TASK GOAL: Would you write out every record that follows exactly, with the pictures left out?

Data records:
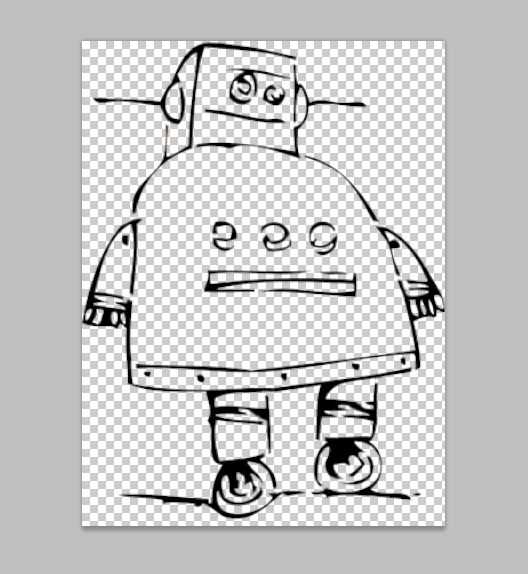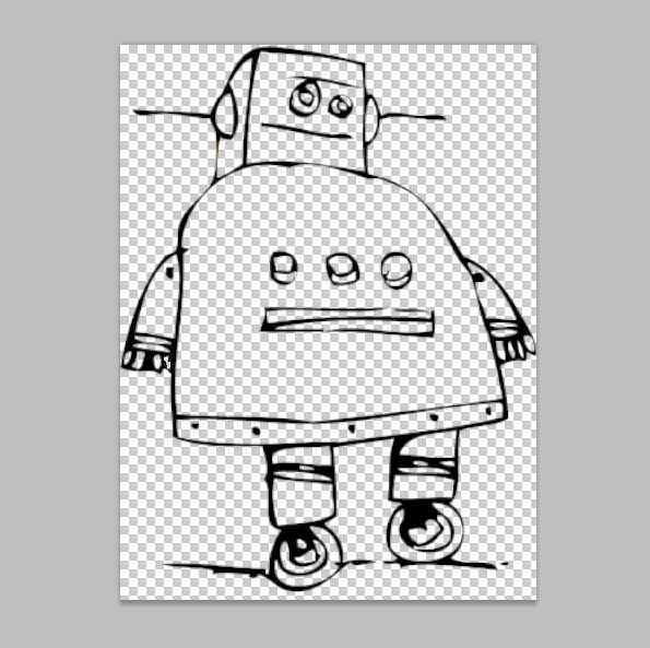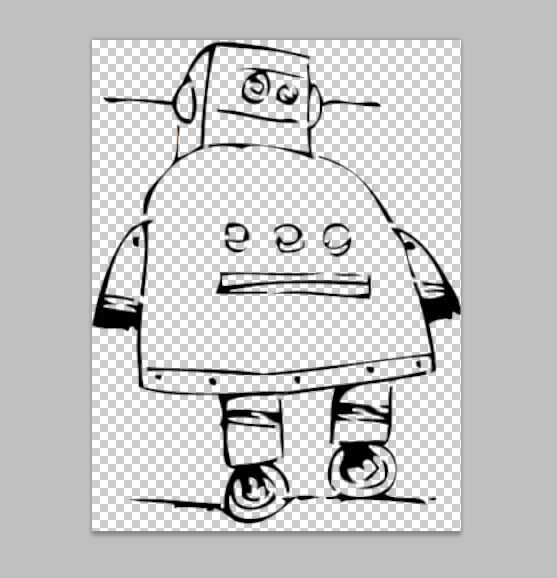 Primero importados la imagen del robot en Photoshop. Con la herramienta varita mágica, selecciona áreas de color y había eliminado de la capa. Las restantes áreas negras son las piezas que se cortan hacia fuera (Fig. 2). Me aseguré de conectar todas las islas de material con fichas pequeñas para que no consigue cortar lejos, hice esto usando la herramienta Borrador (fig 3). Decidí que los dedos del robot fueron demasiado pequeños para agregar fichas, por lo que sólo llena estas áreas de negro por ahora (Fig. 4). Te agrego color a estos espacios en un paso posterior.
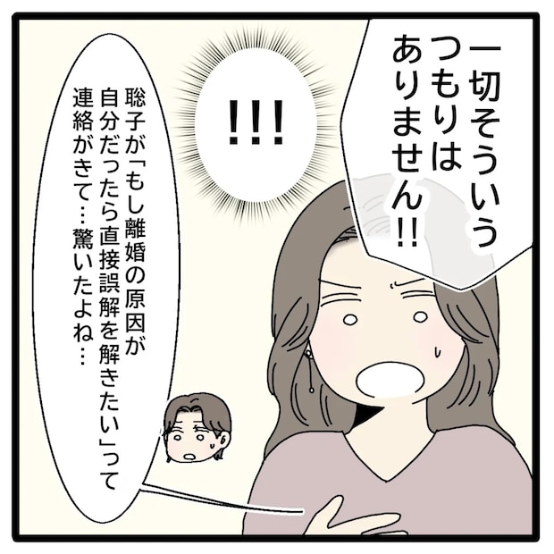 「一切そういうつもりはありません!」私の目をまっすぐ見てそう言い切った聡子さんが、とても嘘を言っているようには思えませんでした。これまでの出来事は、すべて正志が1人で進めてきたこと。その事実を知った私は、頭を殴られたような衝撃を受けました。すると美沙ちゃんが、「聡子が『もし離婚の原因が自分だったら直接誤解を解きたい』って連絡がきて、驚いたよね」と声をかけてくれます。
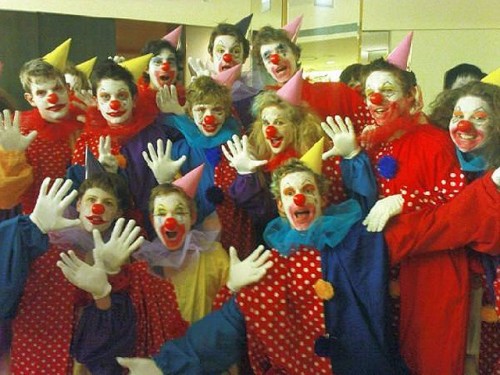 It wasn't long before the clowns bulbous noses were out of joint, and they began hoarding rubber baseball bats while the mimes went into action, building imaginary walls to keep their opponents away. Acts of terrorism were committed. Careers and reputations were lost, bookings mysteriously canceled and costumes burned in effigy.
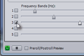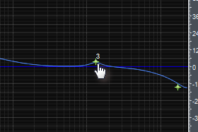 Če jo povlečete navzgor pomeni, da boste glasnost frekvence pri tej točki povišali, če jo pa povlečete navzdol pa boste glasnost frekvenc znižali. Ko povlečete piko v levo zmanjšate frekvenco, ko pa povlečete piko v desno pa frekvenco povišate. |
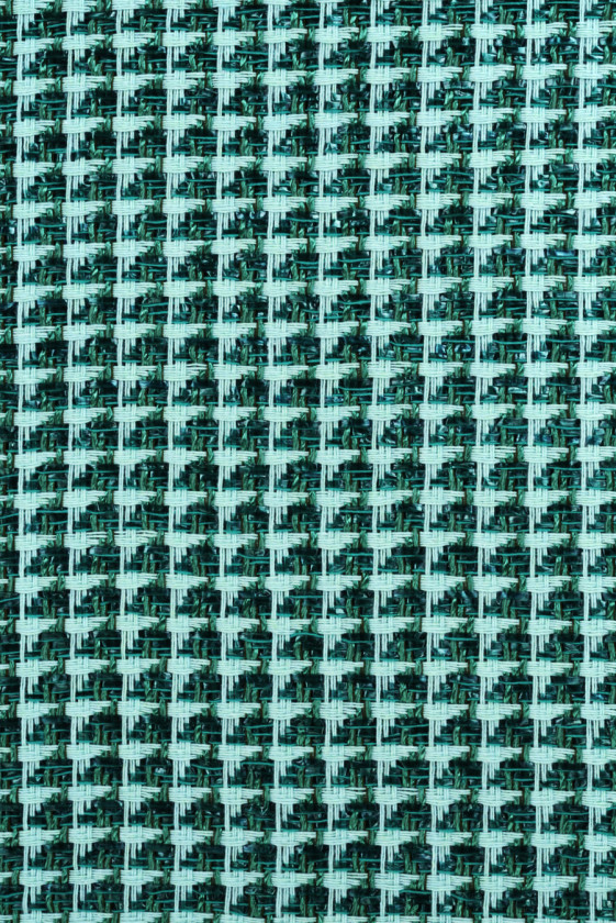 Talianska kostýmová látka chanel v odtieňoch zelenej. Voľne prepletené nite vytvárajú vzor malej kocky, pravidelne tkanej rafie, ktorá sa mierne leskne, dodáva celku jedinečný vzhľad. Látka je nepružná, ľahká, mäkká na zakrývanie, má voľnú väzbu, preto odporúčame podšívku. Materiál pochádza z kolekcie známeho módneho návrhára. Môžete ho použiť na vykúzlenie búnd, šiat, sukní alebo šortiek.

ANSWER:
 Primero importados la imagen del robot en Photoshop. Con la herramienta varita mágica, selecciona áreas de color y había eliminado de la capa. Las restantes áreas negras son las piezas que se cortan hacia fuera (Fig. 2). Me aseguré de conectar todas las islas de material con fichas pequeñas para que no consigue cortar lejos, hice esto usando la herramienta Borrador (fig 3). Decidí que los dedos del robot fueron demasiado pequeños para agregar fichas, por lo que sólo llena estas áreas de negro por ahora (Fig. 4). Te agrego color a estos espacios en un paso posterior.
 「一切そういうつもりはありません!」私の目をまっすぐ見てそう言い切った聡子さんが、とても嘘を言っているようには思えませんでした。これまでの出来事は、すべて正志が1人で進めてきたこと。その事実を知った私は、頭を殴られたような衝撃を受けました。すると美沙ちゃんが、「聡子が『もし離婚の原因が自分だったら直接誤解を解きたい』って連絡がきて、驚いたよね」と声をかけてくれます。
 It wasn't long before the clowns bulbous noses were out of joint, and they began hoarding rubber baseball bats while the mimes went into action, building imaginary walls to keep their opponents away. Acts of terrorism were committed. Careers and reputations were lost, bookings mysteriously canceled and costumes burned in effigy.
 Če jo povlečete navzgor pomeni, da boste glasnost frekvence pri tej točki povišali, če jo pa povlečete navzdol pa boste glasnost frekvenc znižali. Ko povlečete piko v levo zmanjšate frekvenco, ko pa povlečete piko v desno pa frekvenco povišate. |
 Talianska kostýmová látka chanel v odtieňoch zelenej. Voľne prepletené nite vytvárajú vzor malej kocky, pravidelne tkanej rafie, ktorá sa mierne leskne, dodáva celku jedinečný vzhľad. Látka je nepružná, ľahká, mäkká na zakrývanie, má voľnú väzbu, preto odporúčame podšívku. Materiál pochádza z kolekcie známeho módneho návrhára. Môžete ho použiť na vykúzlenie búnd, šiat, sukní alebo šortiek.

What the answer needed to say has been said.